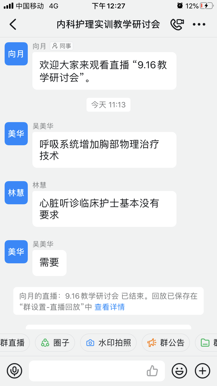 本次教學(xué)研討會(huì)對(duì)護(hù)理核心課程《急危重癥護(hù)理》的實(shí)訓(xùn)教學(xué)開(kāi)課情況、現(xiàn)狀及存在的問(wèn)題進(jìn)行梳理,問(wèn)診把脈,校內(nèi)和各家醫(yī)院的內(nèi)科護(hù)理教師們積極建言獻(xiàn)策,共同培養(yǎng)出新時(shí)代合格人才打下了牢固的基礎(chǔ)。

* * *

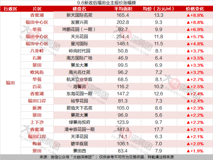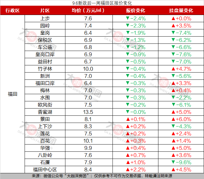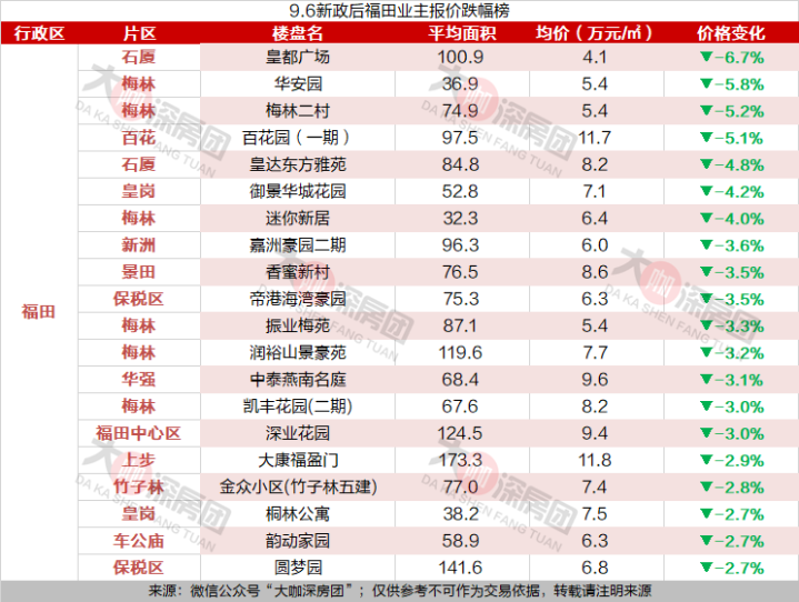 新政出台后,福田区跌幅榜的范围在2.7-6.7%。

--

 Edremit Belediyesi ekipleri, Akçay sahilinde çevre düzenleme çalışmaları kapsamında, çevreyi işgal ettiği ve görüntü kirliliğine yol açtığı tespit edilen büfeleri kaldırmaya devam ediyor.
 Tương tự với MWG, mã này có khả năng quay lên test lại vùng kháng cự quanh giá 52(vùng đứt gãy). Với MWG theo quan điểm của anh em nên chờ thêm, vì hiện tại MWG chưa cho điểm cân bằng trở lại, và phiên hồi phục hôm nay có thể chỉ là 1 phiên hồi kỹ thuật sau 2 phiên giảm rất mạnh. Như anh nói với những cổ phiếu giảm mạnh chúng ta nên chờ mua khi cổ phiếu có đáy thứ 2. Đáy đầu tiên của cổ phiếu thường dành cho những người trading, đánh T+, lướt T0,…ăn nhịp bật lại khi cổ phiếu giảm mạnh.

### PROBLEM TO WORK ON
Print exactly the lines of the listing above starting at the line containing "Edremit Belediyesi ekipleri, Akçay" and ending at the line containing "Tương tự với", both included.

### EXERCISE ANSWER
 Edremit Belediyesi ekipleri, Akçay sahilinde çevre düzenleme çalışmaları kapsamında, çevreyi işgal ettiği ve görüntü kirliliğine yol açtığı tespit edilen büfeleri kaldırmaya devam ediyor.
 Tương tự với MWG, mã này có khả năng quay lên test lại vùng kháng cự quanh giá 52(vùng đứt gãy). Với MWG theo quan điểm của anh em nên chờ thêm, vì hiện tại MWG chưa cho điểm cân bằng trở lại, và phiên hồi phục hôm nay có thể chỉ là 1 phiên hồi kỹ thuật sau 2 phiên giảm rất mạnh. Như anh nói với những cổ phiếu giảm mạnh chúng ta nên chờ mua khi cổ phiếu có đáy thứ 2. Đáy đầu tiên của cổ phiếu thường dành cho những người trading, đánh T+, lướt T0,…ăn nhịp bật lại khi cổ phiếu giảm mạnh.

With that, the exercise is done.